Conscious living is overrated.
Charles Duhigg wants us to know that even those of us trying to guide our personal and professional affairs through informed decision-making are underestimating the iron fist of habit.
Do you eat when you are nervous?...reach for your phone when you feel that vibration in your pocket?...give a friend or family member a friendly verbal needling when they really need a hug?
Human habits seem intractable and inexplicable, as ingrained in our beings as the color of our hair. “They are so strong, in fact, that they cause our brains to cling to them at the exclusion of all else, including common sense,” Duhigg writes.
But it turns out our habits are quite malleable, that is if you understand how they work.
According to neurological studies all habits—no matter how large or small—have three components. There's a cue—a trigger for a particular behavior; a routine, which is the behavior itself; and a reward, which is how your brain decides whether to remember a habit for the future.

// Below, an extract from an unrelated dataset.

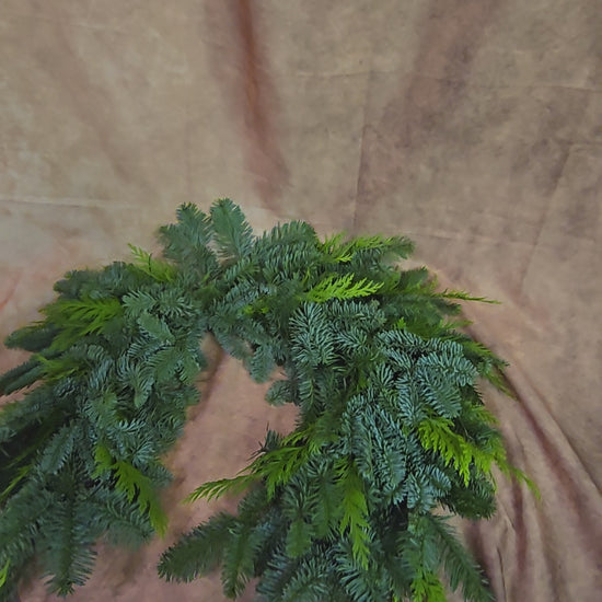 Handgewickelter Kranz für die Adventszeit mit frischer Tanne , etwas Eukalyptus , halbrund gearbeitet für ein schönes großes Gesteck

In this way a habit is essentially a computer program written on the blackboard of the brain’s basal ganglia. And, like many computer programs, they repeat themselves in a loop.

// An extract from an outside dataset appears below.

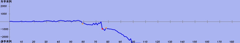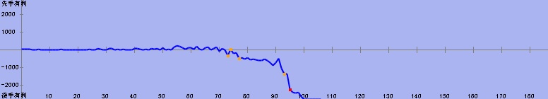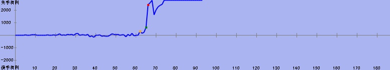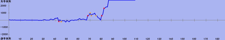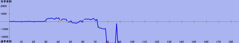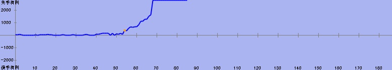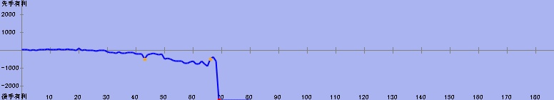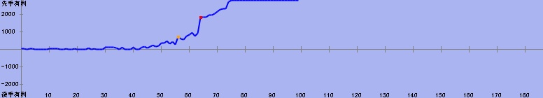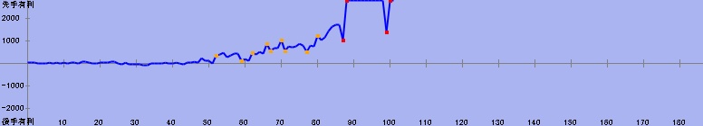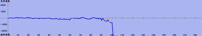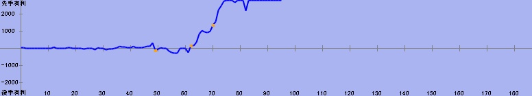 71手目:残り時間5分(居玉、劣勢) 対 50分からの勝利 | |

A habit loop awakes with a cue: A smartphone dings during a meeting. It starts a routine: The iPhone is discreetly examined. A Words with Friends opponent has made a move, and now it’s time to pounce. Then there is a reward: you crave the ding and the resulting rush of endorphins it promises when you vanquish your opponent
Duhigg notes how habit loops can explain how bad habits develop and introduces us to the concept of habit loop manipulation. By taking advantage of a quirk in the neurology of habits, we can create and change habits almost like flipping a switch.

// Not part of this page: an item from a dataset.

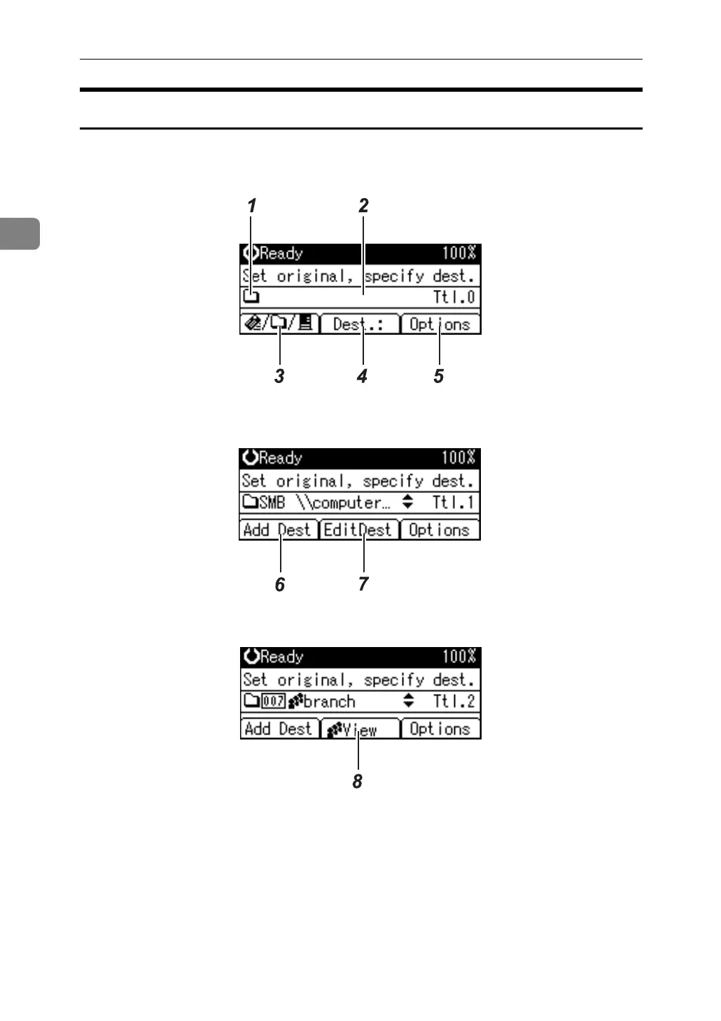 This section describes the screen layout when sending scan files by Scan to Folder.

Cue: feeling sad. You crave some relief from the loneliness. Routine: drink. Reward: forget the troubles. Duhigg writes about how effective Alcoholics Anonymous is at intervening in the mechanics of habit loops and battling addiction. Through habit loop manipulation, we can break the habits of the smoker, the nail-biter and the over eater.
Better yet, it can be used to create new routines of daily exercise, calling a loved one, paying the bills. If you can identify the right cue and reward—and if you can create a sense of craving—you can establish almost any habit.
Studies indicate that anyone can use this basic formula to create habits of her or his own. Want to exercise more? Choose a cue, such as going to the gym as soon as you wake up, and a reward, such as a smoothie after each workout. Then think about that smoothie, or about the endorphin rush you’ll feel. Allow yourself to anticipate the reward. Eventually, that craving will make it easier to push through the gym doors every day.
On a personal level that is as far as Charles Duhigg, the business reporter, takes us. How can I master these techniques as a tool for self-improvement? Alas, this is not a self-improvement book.
While his book left me wanting more, Duhigg's web site thankfully provides useful answers. He should have thrown a few of the diagrams on his web site into an appendix.
Habit loop manipulation has far-reaching utility, and this book diligently illustrates its use in organizational and societal levels. Companies and governments are getting ever more adept at identifying, co-opting, and shaping our behavior patterns to increase profits and maintain control.
Duhigg is value-neutral in his choice of examples of businesses and sports teams using these powerful techniques. Most are stories about turnarounds, such as the use of these techniques to benignly sell more stuff to consumers.
But Duhigg avoids the obvious more insidious side of habit loop manipulation, leaving it presumably for someone else to investigate the brands that profit by encouraging self-destructive habits like drinking, smoking, firearms or gambling.
His enthusiasm for corporate ingenuity seems to blind him at times to the sinister aspects of habit manipulation. While writing about all the successful application of habit loop manipulation by McDonald's, Proctor and Gamble, Alcoa and Target, what might be going on at Phillip Morris, Chase Manhattan and Rupert Murdoch's News Corp?